CIPP Evaluation Model Checklist
This checklist is designed to help evaluators evaluate programs with relatively long-term goals. The checklist’s first main function is to provide timely evaluation reports that assist groups to plan, carry out, institutionalize, and/or disseminate effective services to targeted beneficiaries. The checklist’s other main function is to review and assess a program’s history and to issue a summative evaluation report on its merit, worth, and significance and the lessons learned.
This checklist has 10 components. The first—contractual agreements to guide the evaluation—is followed by the context, input, process, impact, effectiveness, sustainability, and transportability evaluation components. The last 2 are metaevaluation and the final synthesis report. Contracting for the evaluation is done at the evaluation’s outset, then updated as needed. The 7 CIPP components may be employed selectively and in different sequences and often simultaneously depending on the needs of particular evaluations. Especially, evaluators should take into account any sound evaluation information the clients/stakeholders already have or can get from other sources. CIPP evaluations should complement rather than supplant other defensible evaluations of an entity. Metaevaluation (evaluation of an evaluation) is to be done throughout the evaluation process; evaluators also should encourage and cooperate with independent assessments of their work. At the end of the evaluation, evaluators are advised to give their attestation of the extent to which applicable professional standards were met. This checklist’s final component provides concrete advice for compiling the final summative evaluation report, especially by drawing together the formative evaluation reports that were issued throughout the evaluation.

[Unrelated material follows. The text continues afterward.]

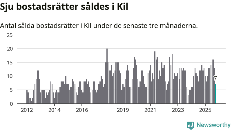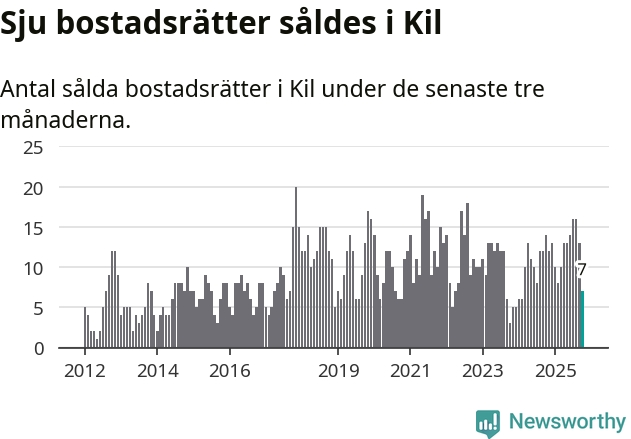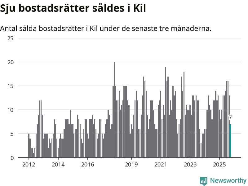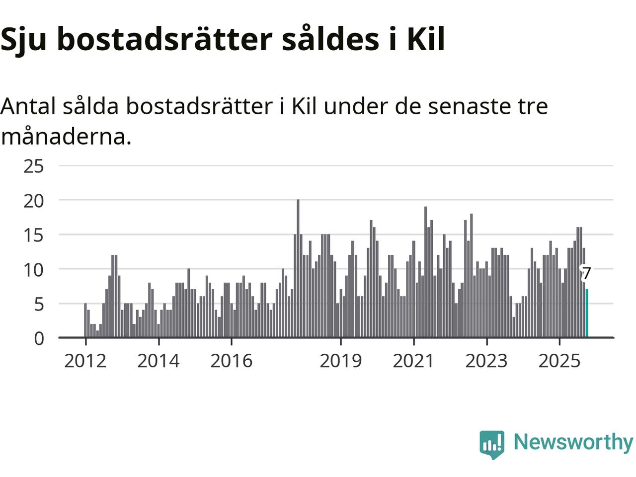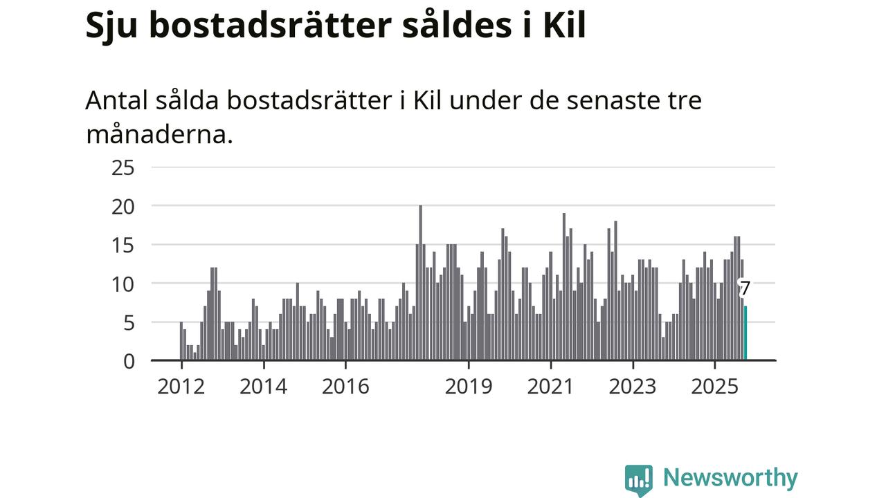 Mellan augusti och oktober gjordes sammanlagt sju affärer med bostadsrätter i Kils kommun. Det kan jämföras med 14 vid motsvarande tid i fjol.

The concept of evaluation underlying the CIPP Model and this checklist is that evaluations should assess and report an entity’s merit, worth, and significance and also present lessons learned. Moreover, CIPP evaluations and applications of this checklist should meet the Joint Committee (1994) standards of utility, feasibility, propriety, and accuracy. The model’s main theme is that evaluation’s most important purpose is not to prove, but to improve.